Joe: Okay, you’re sending out blind offers at 20 cents on the dollar for what you feel like the property’s worth. You’re making offers at 20 cents on the dollar. They come in, the responses, they say, yeah, I’ll take your offer. But right now, you’re only accepting, you’re only closing on about 25% of them. Is that right?
Willie: Right. If that.
Joe: Okay. Do you do counter offer or do you offer, I mean, do you offer them a cheaper price then or is it just not, I’m not interested.

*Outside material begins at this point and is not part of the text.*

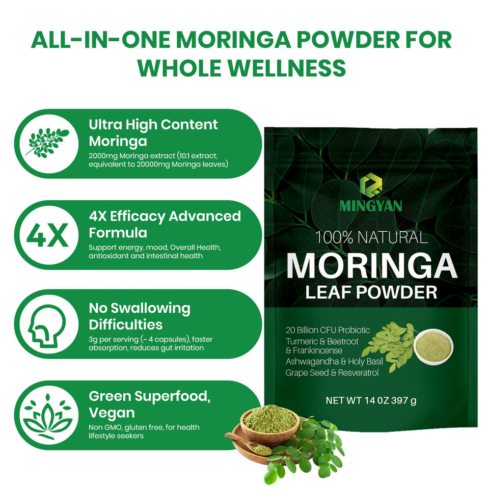 Polvo de Moringa Orgánico OEM/ODM, Polvo de Hoja de Moringa y Probióticos para el Apoyo Inmunológico, Rico en Vitaminas, Minerales y Antioxidantes
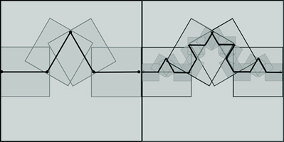 | The above curves fractalizes to the same shape as a well-known fractal curve introduced by Mandelbrot (at right). I'll be describing this curve later on. |

Willie: It depends. If, if like, if we’re way off, I won’t even bother. But yeah, counteroffer all the time. So, I’ll just, yeah, I’ll try to renegotiate and if they accept it great and get it at a good price. I think, I think it’sa good start, it’s worthwhile renegotiating on every deal because every deal is worth it at some sort of price point. Yeah. So, yeah, I mean I think if you’re not super pumped about property, you can just renegotiate at a lower price and yeah, just get it lower and then that’ll like fix your margin. Cause any property, I don’t know if you bought a property at $100 then like, a really crappy property, but you’ve got it at hundred bucks, you can still make huge, huge ROIs on that. So yeah.
Joe: Okay, cool. What are some of your favorite tools when you’re analyzing property or doing research? What tools do you like to use?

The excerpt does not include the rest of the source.